Work to complete
Everything in the records below from the line containing "Схема вязания очень" through the line containing "반숙으로 부드럽게 스크램블드에그를" is to be reproduced exactly, those two lines included; no picture is to be copied.

Listed records

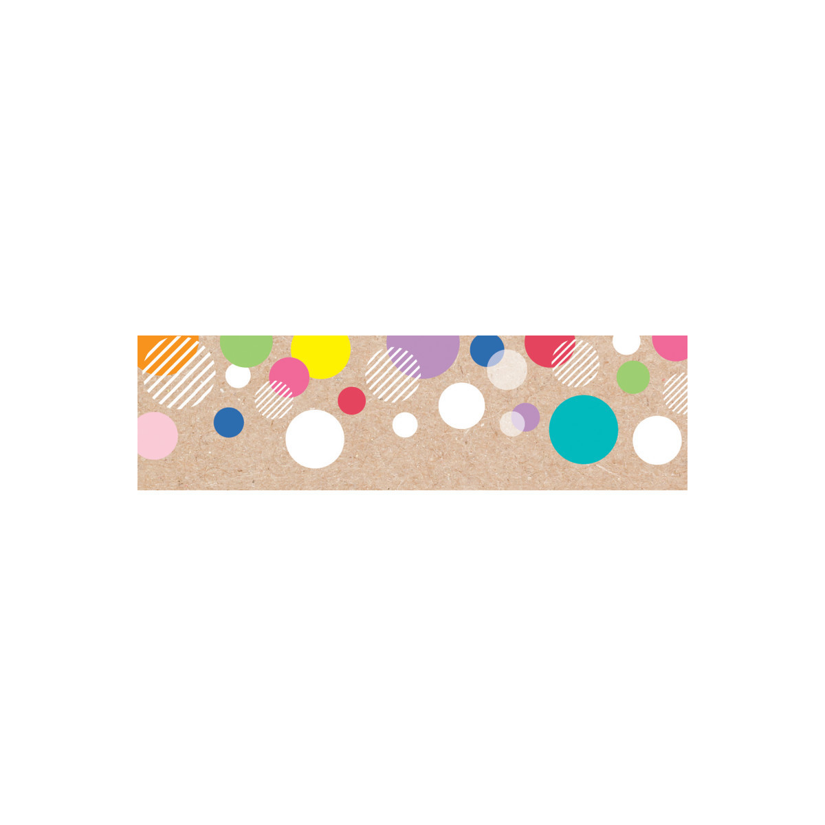 Featuring dots in a random array of colors on a kraft–style background, this border will brighten any space.
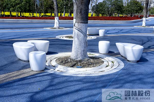 造型豐富美觀的泰科石坐凳和樹池是項(xiàng)目中的一大亮點(diǎn)。在波紋廣場(chǎng)和兒童樂園等地方,采用高強(qiáng)度復(fù)合無機(jī)泰科石材料,造型為圓形、橢圓形、異形的各種坐凳和樹池,錯(cuò)落有致地分布,潔白的顏色與彩色的混凝土鋪裝相映成趣,既可以作為行人休憩的地方,又成為景觀的一部分。這些坐凳和樹池均以模具工藝成形,造型美觀,集現(xiàn)代休閑與實(shí)用功能于一體,表面光滑平整,自潔性好,抗污染強(qiáng),維護(hù)簡(jiǎn)單,只需擦拭后水管沖洗即可。
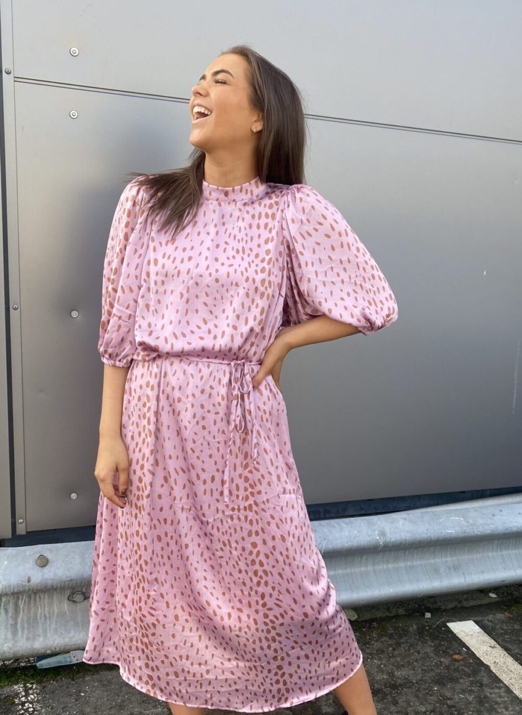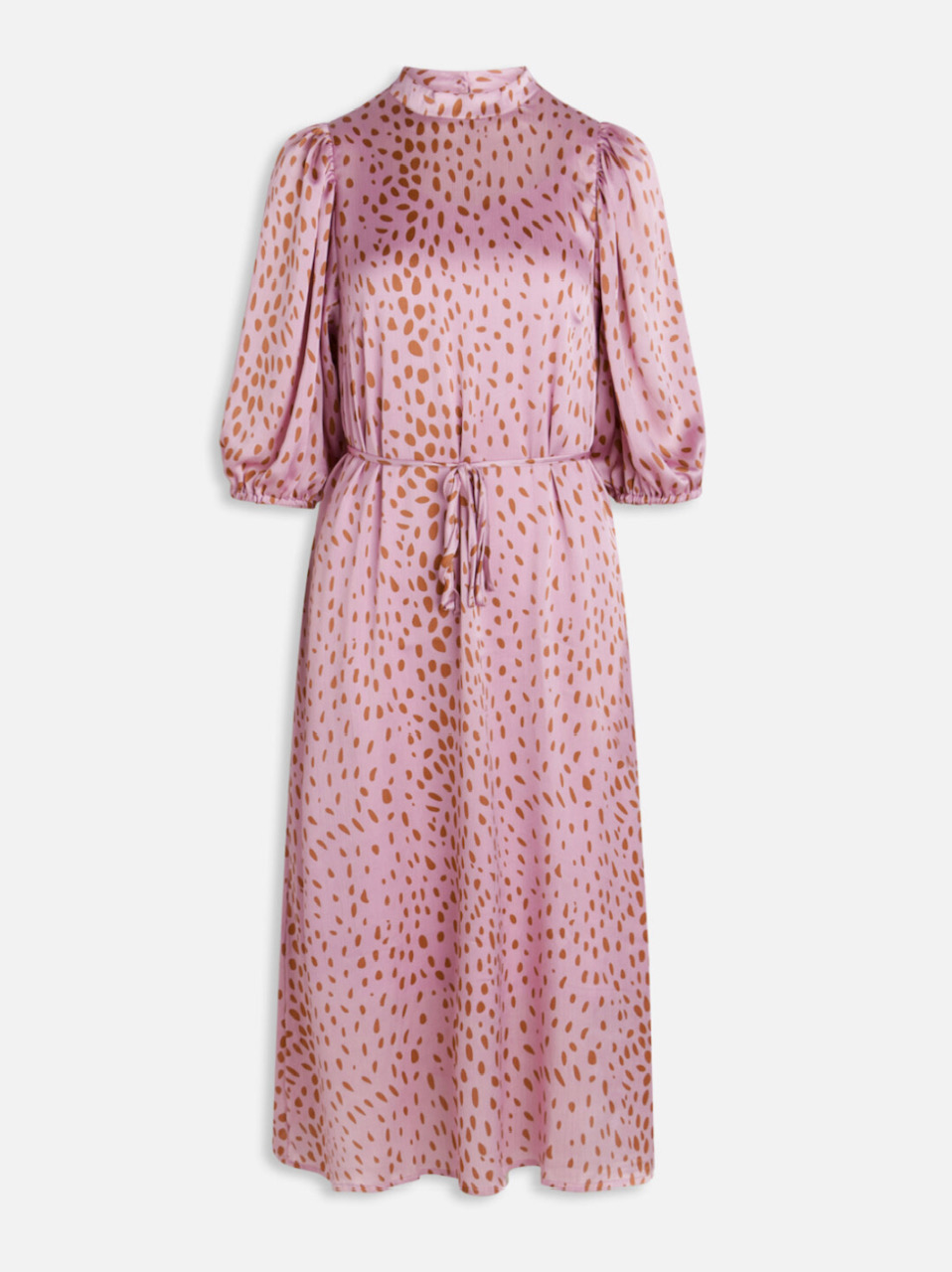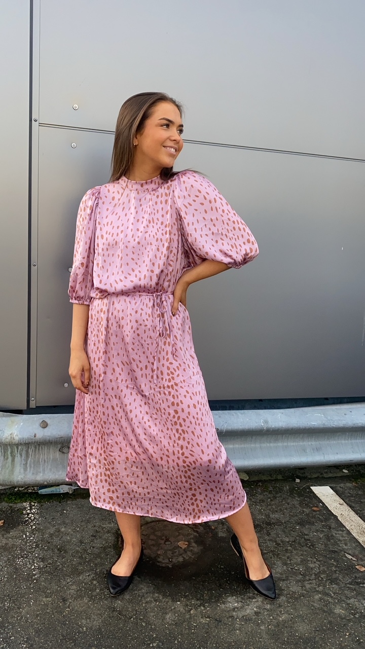 Vendela Dress er en lang satinkjole med et aftageligt bånd i taljen og trekvartlange pufærmer.
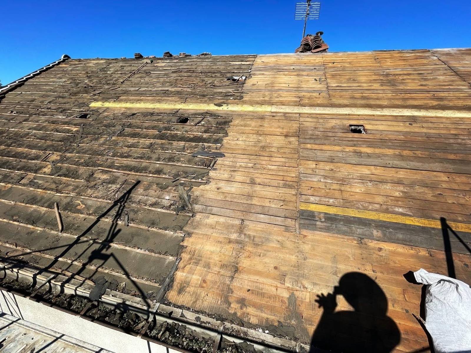 Dépose des anciens liteaux et nettoyage approfondi de la volige afin d’assurer une base saine pour la nouvelle couverture.
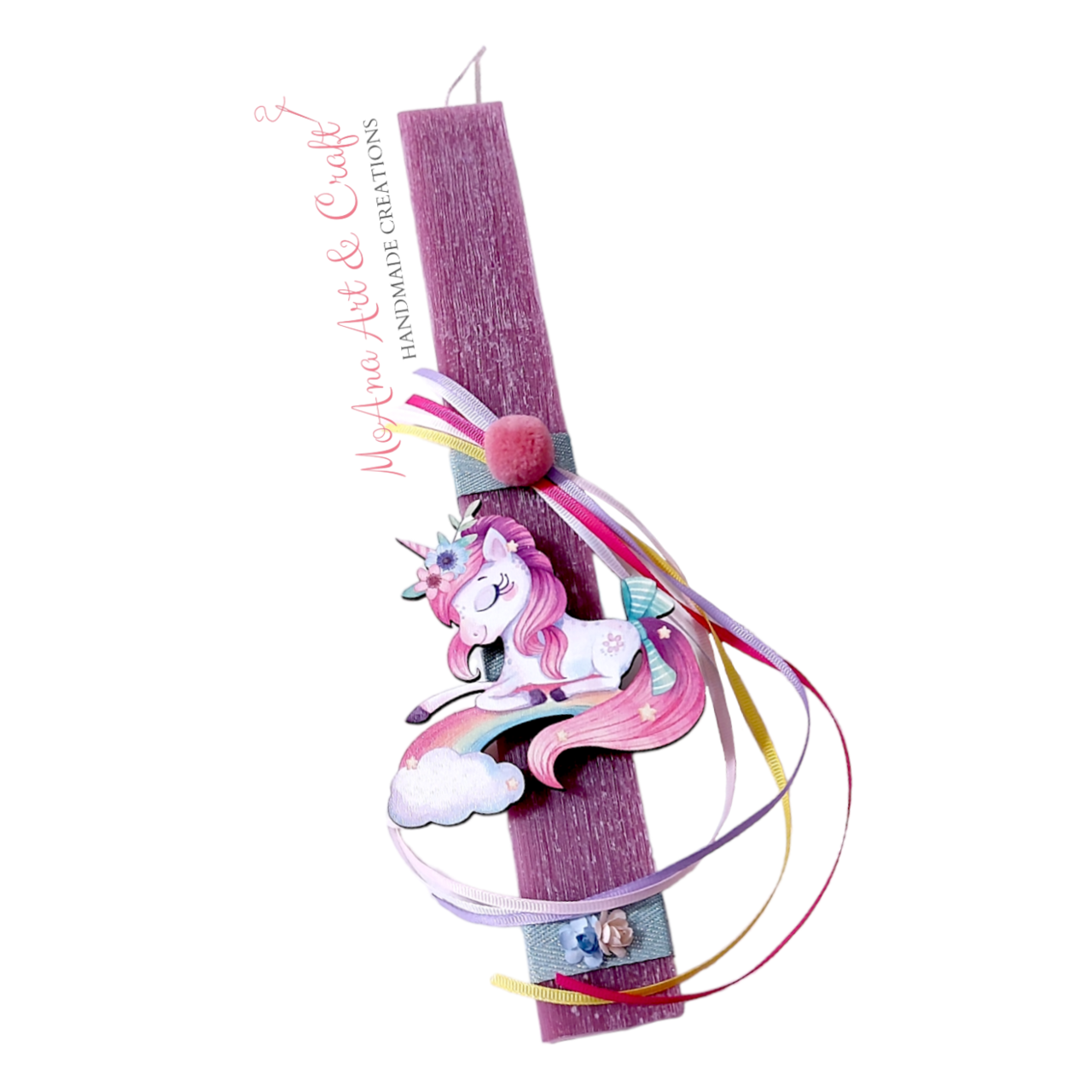 Λαμπάδα σετ μονόκερος 30εκ με τρίλιζα 1
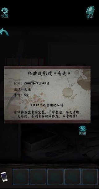 3、接着向东前进,在走廊上会看到一些新鲜的脚印,说明有人刚刚走过。但目前门被锁住了,进入房间后可以找到【经典皮影戏《奇迹》】票以及一台老式游戏机。
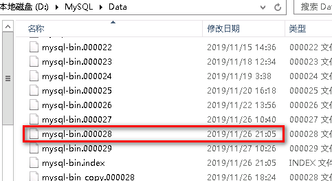 打开数据库所在路径查看有mysql-bin.****这样的文件,注意DELETE删除的时间,对比mysql-bin文件的修改时间,我的是26号下午18点左右进行的删除数据,所以找mysql-bin.000028这个文件
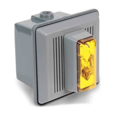 'Horn Strobe, Lens Color Amber, Voltage 120VAC, Current Drawn 148 mA, Sound Level 90dB @ 10 ft., Height 5-1/2 In., Width 5-1/2 In., Depth 5/8 In., Housing Color Gray, Housing Material Engineered Thermoplastic, Light Output 90 CP, Flashes per Minute 60, Mounting Surface, Operating Temp. 32 to 120 Degrees F, Standards UL'
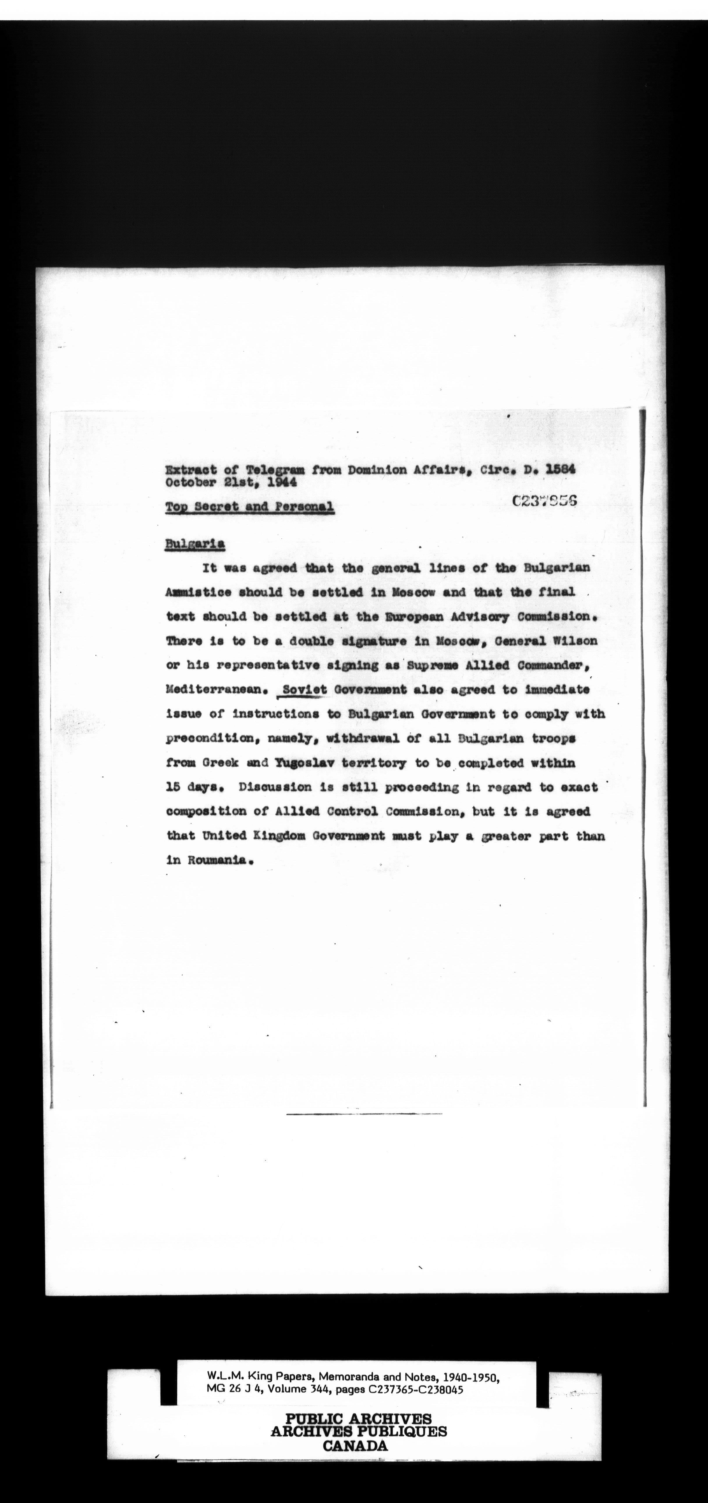 W. L. Mackenzie King : Memoranda and Notes - 1527
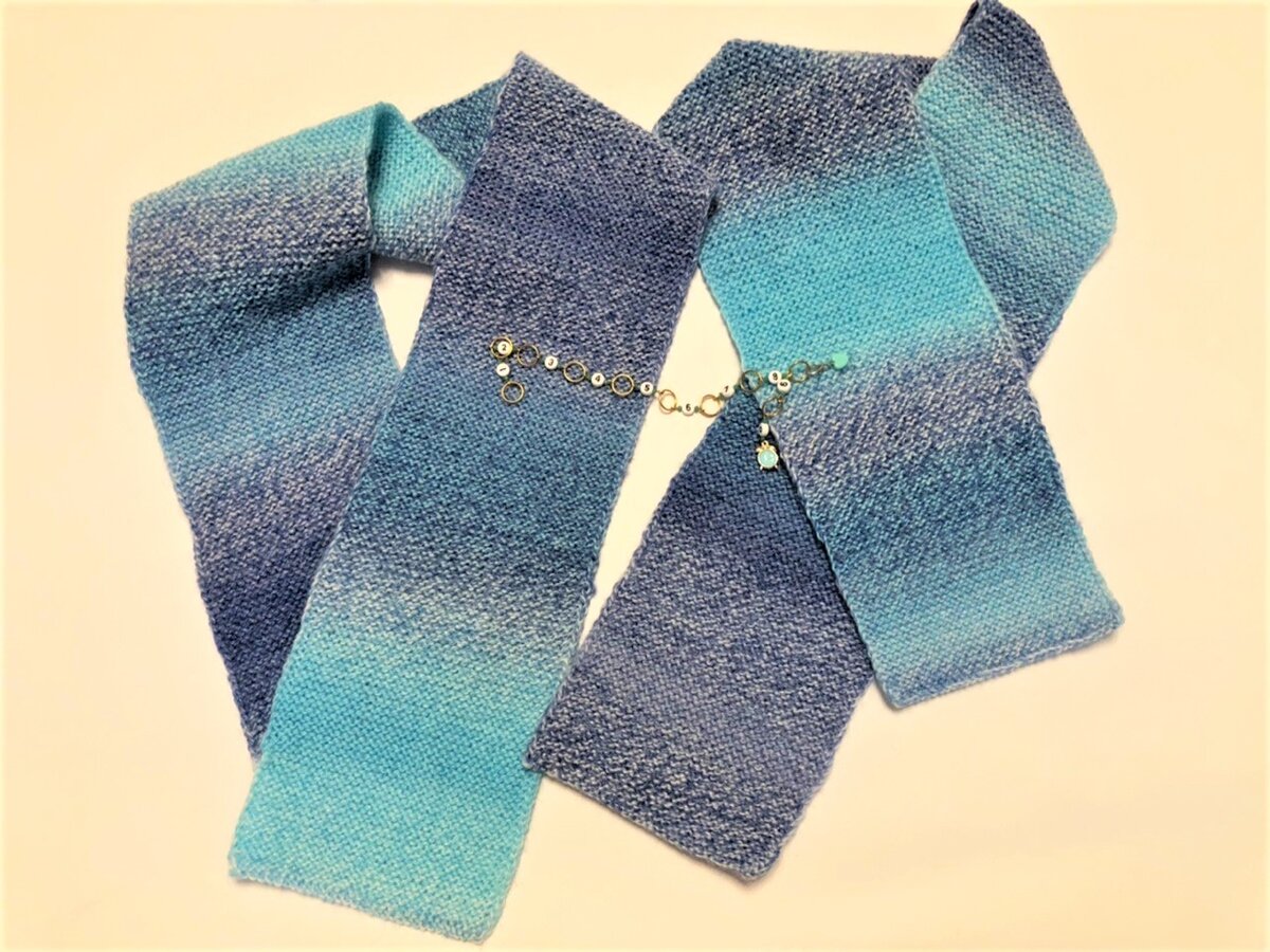 Схема вязания очень простая. Берем две спицы 3 мм, набираем на них 34 петли + 2 петли для кромочных. Вынимаем одну спицу и вяжем платочной вязкой до нужной длины.
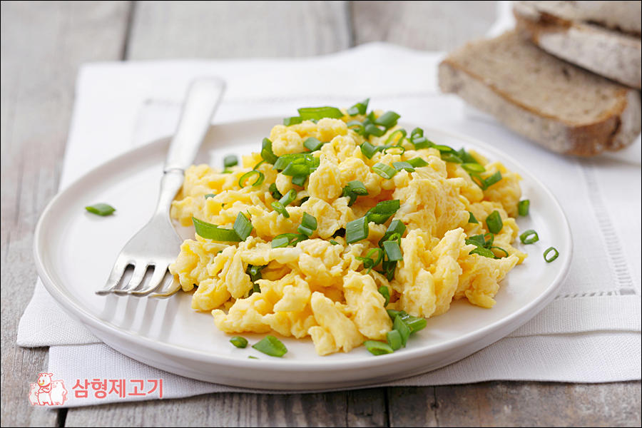 반숙으로 부드럽게 스크램블드에그를
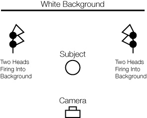 Achieving Pure White Backgrounds Prerequisite skills: -Basic camera operation Creating a pure white background can be one of the most difficult and frustrating exercises for a beginning photographer. Many theories and "formulas" exist for achieving pure white, but in reality, achieving pure white is more importantly a matter of managing and avoiding the negative side effects that can accompany a high-key lighting situation. Making the background white is the easy part of the setup. In a portrait situation, this can be accomplished by overpowering a white wall or roll of seamless paper behind your subject with light, opening up the aperture on your camera until the background is over-exposed, or a combination of both. However, as many of you have no doubt encountered, your images do not turn out the way that you expect. Camera flare, loss of edge contrast, uneven background exposure, and washed-out colors (less saturation) are all problems associated with shooting on white. It is the same set of problems that exist when shooting an outdoor portrait photo into the sun. Now, for the fashion and art shooters, this is a technique they use to create a "look", but for those aiming to create a properly exposed image on white, some adjustments need to be made. Let's look at our intial setup and see if we can improve our process:
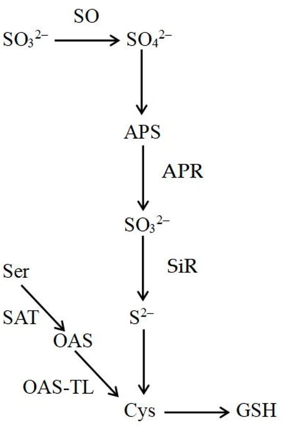 Two poplar varieties with different resistance to sulfur dioxide were subjected to different concentrations of SO2 fumigation treatment. Young and mature leaves of Purui poplar (resistant) vs. 74/76 poplar (susceptible) were used to measure the changes in the activity of enzymes and metabolite content. Among the five key enzymes involved in sulfur metabolism and sulfur metabolites, APR, SO enzyme, GSH, and sulfate content have the greatest impact on young leaves of Purui, followed by 74/76 young leaves. The results show that for both Purui and 74/76 poplar, young leaves have stronger sulfur metabolism ability than mature leaves, indicating that young leaves have stronger SO2 resistance. Purui has stronger sulfur metabolism ability than 74/76 poplar, especially reflected in their young leaves. The comparison between young and mature leaves, as well as the comparison between resistant and susceptible varieties, mutually confirms that sulfur metabolism in leaves is an important mechanism for sulfur dioxide resistance.
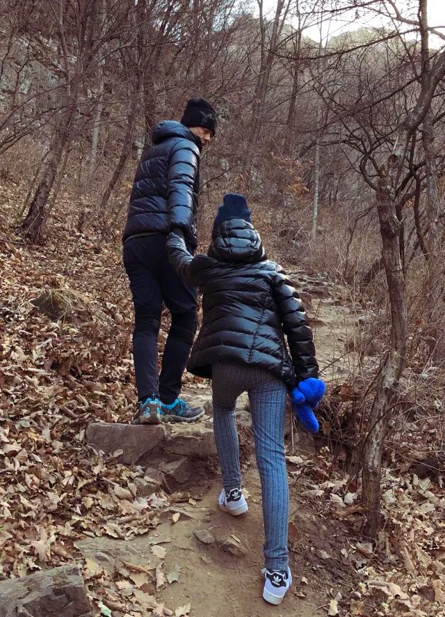 他也爱带着她去各种户外活动,培养她与大自然的情感。像爬山:
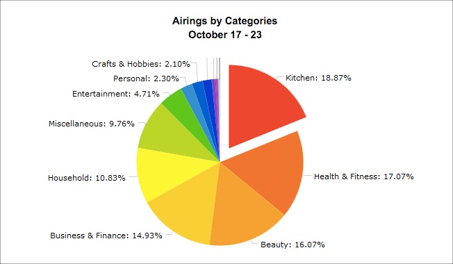 Two weeks ago a substantial upsurge in Kitchen airings pushed the category past Beauty to take the number two position. But Kitchen didn’t stop there. With an increase of nearly 40 more airings last week, Kitchen surpassed Health & Fitness to become the most frequently aired category on national cable. Side note (and probably another trend for us to research): Health & Fitness usually doesn't surge until after the holidays.
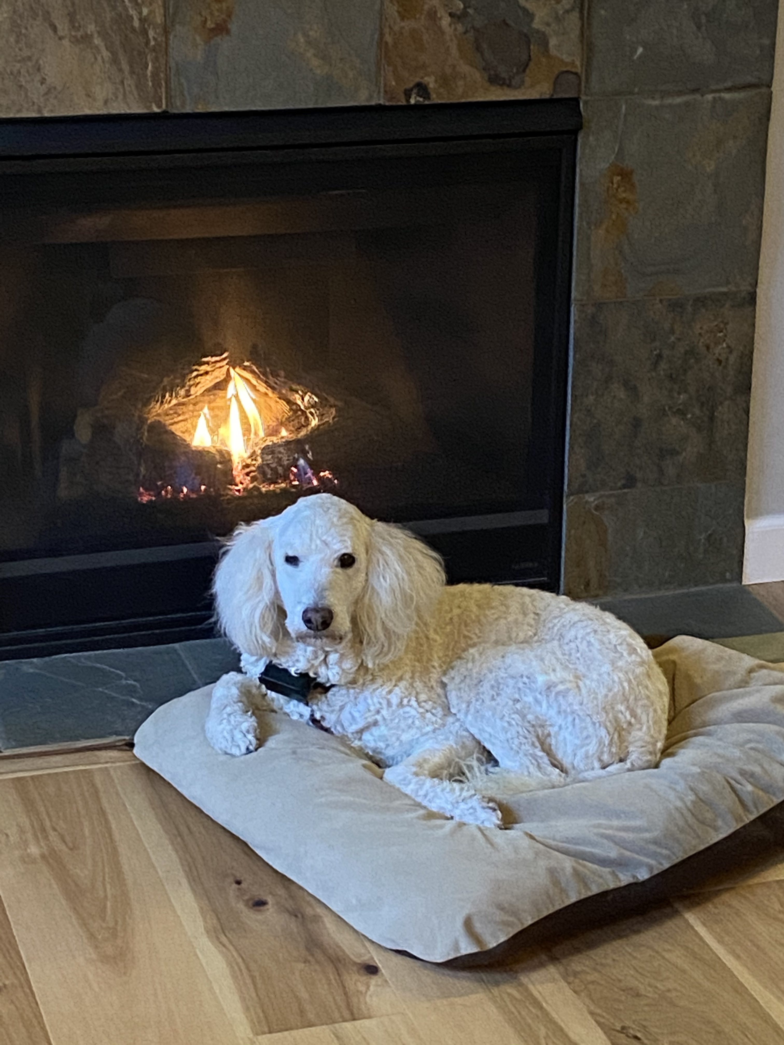 Lilly är hemma igen efter sin utfärd med Maken till sommarstugan, men vet ni vad? Hon gillar INTE det nya parkettgolvet! Det är hårt, halt att springa på och inte alls skönt att ligga på. Matte beslöt att lägga hennes gamla, utnötta kudde framför spisen tidigare idag på eftermiddagen och detta gillades. När Lillasyster sedan slog på gasen till den öppna spisen kunde ju Lilly verkligen inte flytta på sig. Det var ju så varmt och skönt!

Expected answer
 Схема вязания очень простая. Берем две спицы 3 мм, набираем на них 34 петли + 2 петли для кромочных. Вынимаем одну спицу и вяжем платочной вязкой до нужной длины.
 반숙으로 부드럽게 스크램블드에그를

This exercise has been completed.